С Гломгольдом за это время они только пару раз перекинулись сдержанными приветствиями — заговорить первым у Скруджа не хватало духу, а сам Флинтхарт явно не хотел ничего обсуждать, демонстративно ускоряя шаг, стоило Макдаку двинуться в его направлении. Незаметно для себя Скрудж всё чаще засиживался в своём офисе, чтоб на пути домой пересечься с идущим по своим делам соперником, но, казалось, Флинтхарт не обращал никакого внимания на миллиардера.
Скрудж отогнал мысли о Гломгольде и принялся изучать контракты. Руки подрагивали, прежде чем поставить нужную подпись. Макдак злился на себя, свою необъяснимую слабость и странную щемящую боль за рёбрами.
Внезапно дверь над лестницей открылась, и на пороге показались Билли и Дилли. Вилли стоял чуть поодаль, за спинами братьев.
— Что с тобой, дядя Скрудж?
— Мы хотим помочь, дядя Скрудж, — почти одновременно произнесли встревоженные дети.

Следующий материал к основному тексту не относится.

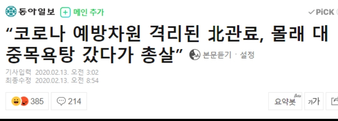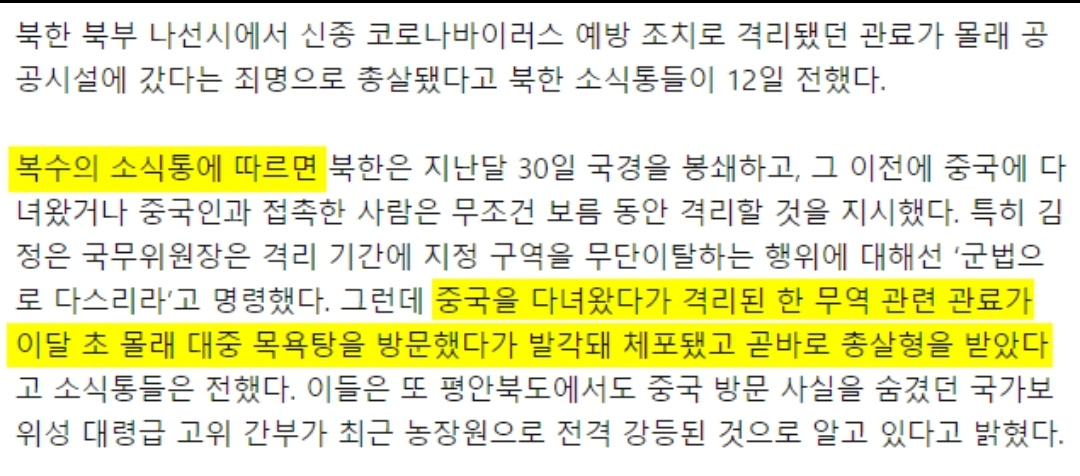 북한 , 중국 우한 폐렴 바이러스 첫 사망자 발생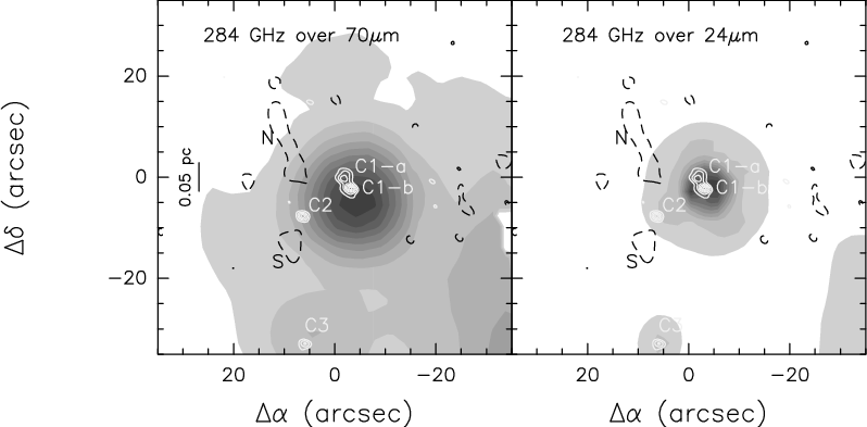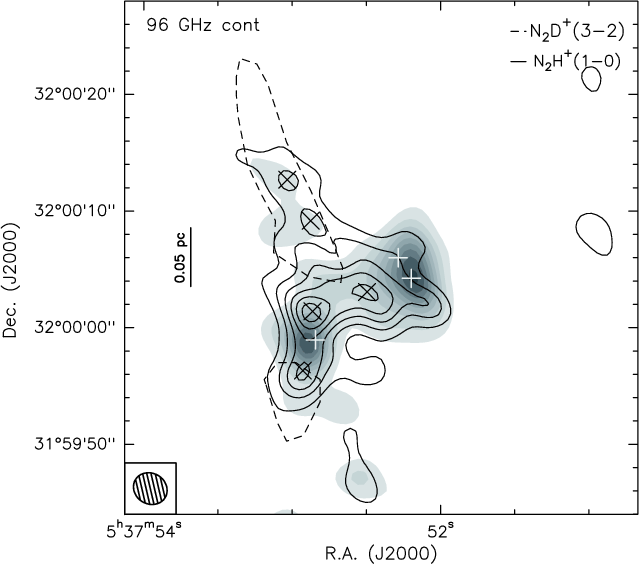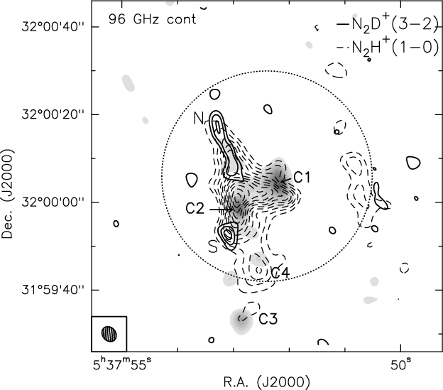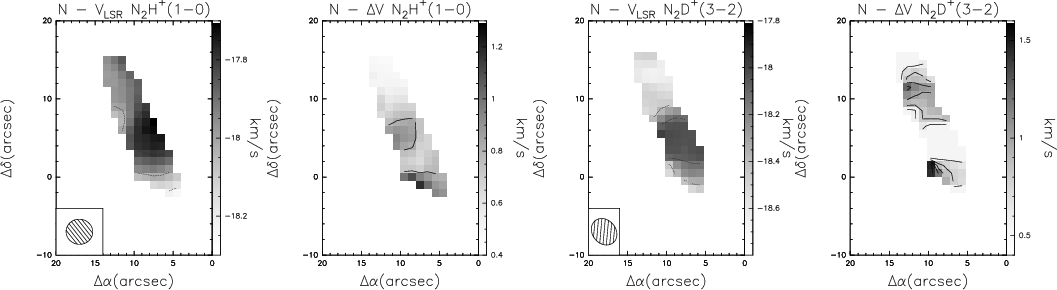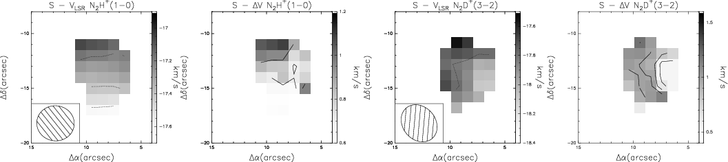 0.5-1.5 km s-1) towards N and S, indicating that the gas in the deuterated condensations is more quiescent than that associated with the continuum sources. This is consistent with the fact that they are still in the pre-stellar phase and hence the star formation process has not yet taken place there.

— Извините, мальчики, я хочу побыть один.
Племянники многозначительно переглянулись, но вслух ничего не сказали, молча закрыв за собой дверь. Кабинет наполнила звенящая тишина. Скрудж разжал пальцы, и бумаги выскочили из рук, разлетевшись по полу.
На душе было паршиво. Чего-то не хватало, и не хватало так сильно, что с каждой секундой непонятная тоска нарастала, грозя заполонить собой весь окружающий мир.
Выругавшись, селезень надел цилиндр и вышел в холл.
— К ужину меня не ждите, Дакворт, — предупредил он, надевая цилиндр.
— Как скажете, сэр, — развёл руками дворецкий.
Макдак вышел из особняка. Сзади него громко хлопнули двери.
Селезень не заметил, как ноги привели его в самый отдалённый район Даксбурга, прямо к дому второго богача. Серые каменные стены здания оплетали ветви ежевики, усыпанные острыми шипами. На мгновение Макдаку показалось, что эти шипы сейчас вопьются прямо в его грудь.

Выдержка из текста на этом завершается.